On Thursday, Twitter announced it would be expanding its experimental downvote feature to a global audience. Testing of the new feature began last year and was accessible to a select group of internet users. After receiving positive feedback on its decidedly negative new trick, Twitter is now extending the button to iOS and Android users worldwide.
The button may remind you of a similar feature that’s been a part of Reddit since 2005. Upvotes and downvotes on the popular forum website are used to highlight relevant and favored replies and posts from users in a particular subreddit. However, the downvote feature being tested on Twitter will work a little differently.
The feature currently in trial is completely invisible to user, and is thus less about publicizing distaste for a particular post than it is helping Twitter better understand the types of posts users prefer to see. According to the social media company, the feature is helping users filter out the types of replies they find offensive or not relevant to their interests.
“A majority of our users shared that the reason they clicked the down arrow was either because the reply was perceived as offensive, or because they perceived it as not relevant, or both,” Twitter said.
Whether or not the downvote feature will improve conversations on Twitter — most of which are overflowing with vitriol and anger — is really anyone’s guess. On the one hand, it could lessen unnecessarily rude or downright vicious and offensive comments. On the other hand, downvotes can be utilized for targeted harassment campaigns, particularly to silence marginalized groups, or even censor dissenting opinions if the feature becomes a part of Twitter’s algorithm.
Looking at how other social media sites’ reaction buttons have gone over could provide further insight into how Twitter’s new downvote feature may play out. (Spoiler, not great.)
In November 2021, YouTube made the number of dislikes a video received private across its platform but kept the dislike button. In an experiment conducted by the company, when the dislike count was removed, users were “less likely to target a video’s dislike button to drive up the count.” This decreased targeted dislike campaigns which are often directed at smaller creators, according to YouTube. Meanwhile, researchers found that Facebook/Meta’s emoji reaction system that was implemented in 2016 ended up leading to more inflammatory content being pushed onto users’ feeds.
I don’t often applaud social media giants for how they combat harassment on their platforms because most of the time they simply don’t, but I will give Twitter some credit for how it’s handling hostility on its site.

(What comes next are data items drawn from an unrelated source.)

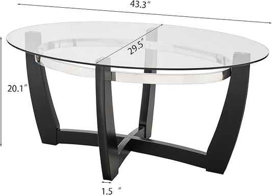 Oval Glass Coffee Table, 43.3" Solid Wood Tea Table with Tempered Glass Tabletop, Modern Glass Sofa Center Table Cocktail Table with Black Cross Base for Living Room Home Office,KFZ1331
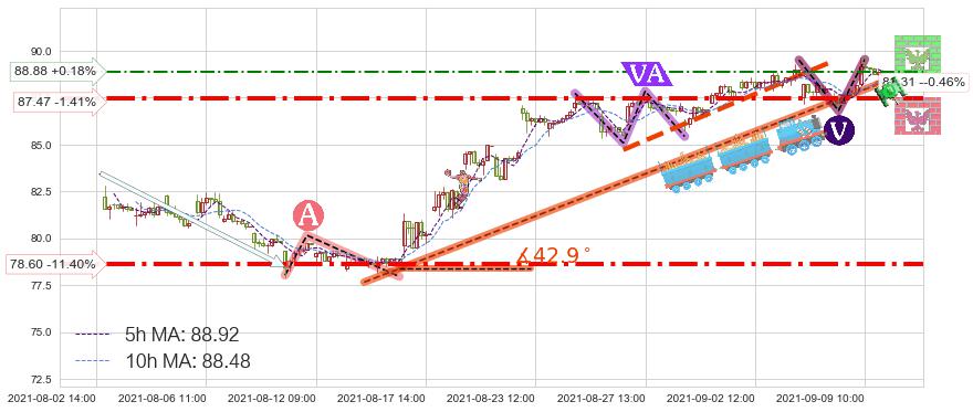 ♘ 阻力价格位88.88,可信任强度53.09%,距离最后交易2021-09-09 14:00形成的收盘价格88.72相差 +0.18%
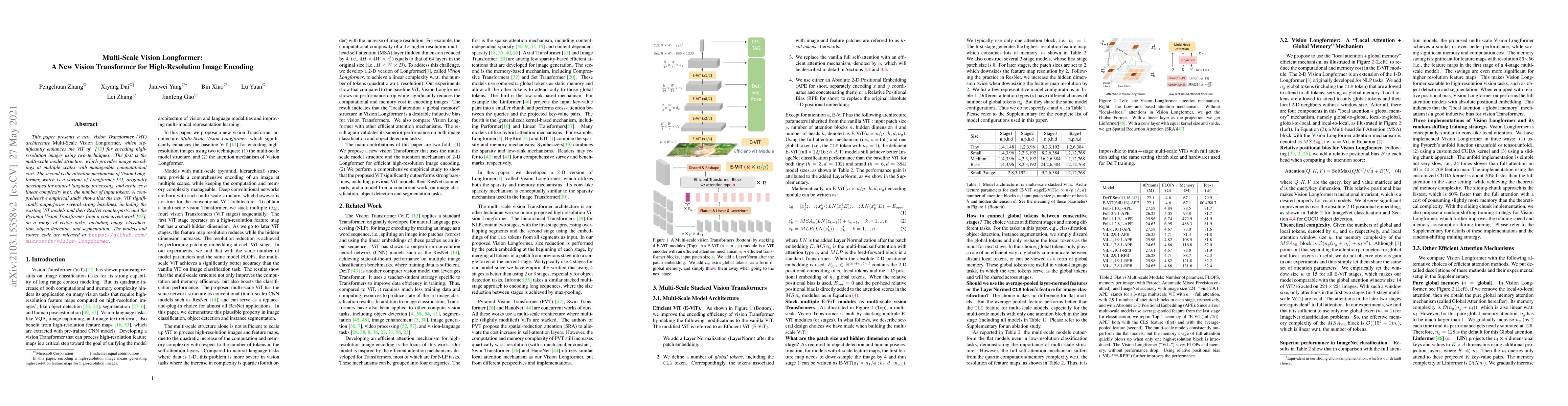 This paper introduces a new Vision Transformer architecture called Multi-Scale Vision Longformer, which enhances high-resolution image encoding through multi-scale model structures and a Longformer attention mechanism. The proposed model outperforms existing Vision Transformers and ResNets on various vision tasks.
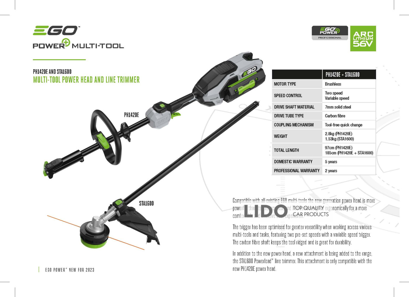 EGO PH1420E — новое поколение аккумуляторных мультифункциональных инструментов (комбисистема) для всего спектра садовых и дачных работ. В зависимости от подключенной насадки инструмент может выполнять функции триммера, кустореза или культиватора. Мощность и производительность обеспечивает безщеточный двигатель, работающий от Li-ion аккумуляторов EGO 56V. Инструмент оснащен регулятором скорости, позволяющим подстроиться под задачи любой сложности.
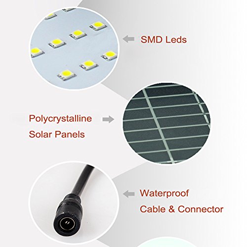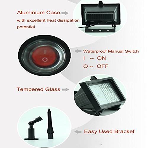 Specifications: Solar Panel: 3W Polycrystalline Solar Panel Battery: 1pc Rechargable Lithium Battery, 3.7V 2000mah Lighting Source: SMD 42Leds floodlight Working Time: 8-10h ( if fully charged ) Charging Time: 6-8h Light Color Options: Pure White / Warm White / Green IP Class: IP65 Working Temperature: -20 ~ +60 degrees centigrade Switch Modes: 1. Manual ON/OFF switch The light can be turned on and turned off by manual switch. 2. Light-sensor switch When manual switch is in ON status, the light will be controlled by light-sensor switch automatically, daytime will be off,nighttime ( or in dark place ) will be lighting on. Solar Panel Size: 215x205x35MM Floodlight Size: 145x98x85MM Floodlight Case Material: Aluminium Application: Widely used in gardens,villa, backyards, building corridor lighting, park, and different kinds of outdoor lighting. Installation Type: 1. The solar panel can be positioned in the ground with bracket and pointed stake. 2. The solar panel can be also mounted on the wall only with bracket. Package Included: * 1pc 3W solar panel with 5M (16.4 feet) lead cable * 1pc SMD 42leds floodlight * 1pc wall mounting bracket with connector (without screws) * 1pc pointed stake for ground insert installation type * 1pc User Manual * Gift Packing Box
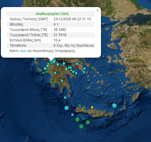 Ιδιαίτερη αισθητή ήταν η σεισμική δόνηση μεγέθους 4.1 βαθμών της κλίμακας Ρίχτερ που σημειώθηκε στις 02:22 το πρωί της Τετάρτης 23-12-2020. Το επίκεντρο της δόνησης ήταν 8 χλμ νοτιοδυτικά της Ναυπάκτου. Το εστιακό βάθος μετρήθηκε στα 10 χλμ.
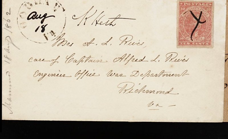 1234 c 5 image#5, 10c Rose, four particularly large and even margins all around, warm rose shade, on exceptionally clean small cover with manuscript pen cancel, very fine strike of "Cobham, Va./Aug 18" c.d.s. to left, addressed in care of Captain Alfred L. Reves, Engineer Office War Department, Richmond, Va., additionally docketed "Mamma 18 Aug 1862" at left; an early rail stop, Cobham was the home of the Piedmont Female Academy during the early 1860's; very fine. (Image) Est. 500-750
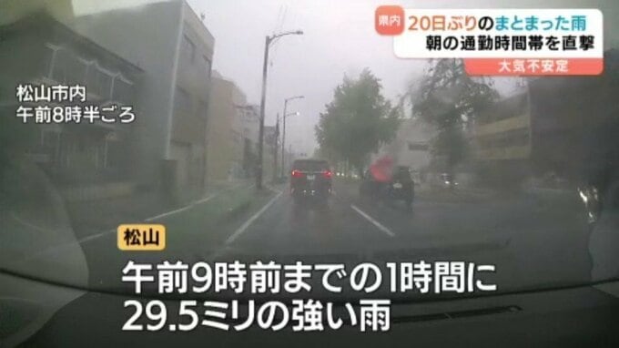 7日の愛媛県内は久しぶりにまとまった雨となり松山では1時間に29.5ミリと通勤通学の時間帯に強い雨を観測しました。県内全域でまとまった雨が降るのは20日ぶりです。7日の県内は前線が西日本を南下し、暖かく…

Offensive or crude replies rarely show up in my notifications tab, and the only time I see that I’ve been sent something awful at all is when I scroll back down my own feed and notice the number of replies to a tweet I made. Any mean-spirited responses are almost always automatically hidden by Twitter and have to be manually retrieved by clicking the “Show more replies” button. This mechanism has kept me from internalizing every terrible thing some anonymous loser has said about me, so perhaps the downvote feature will be similarly successful. Or it’ll turn into yet another shortsighted tech-company mishap — guess we’ll see!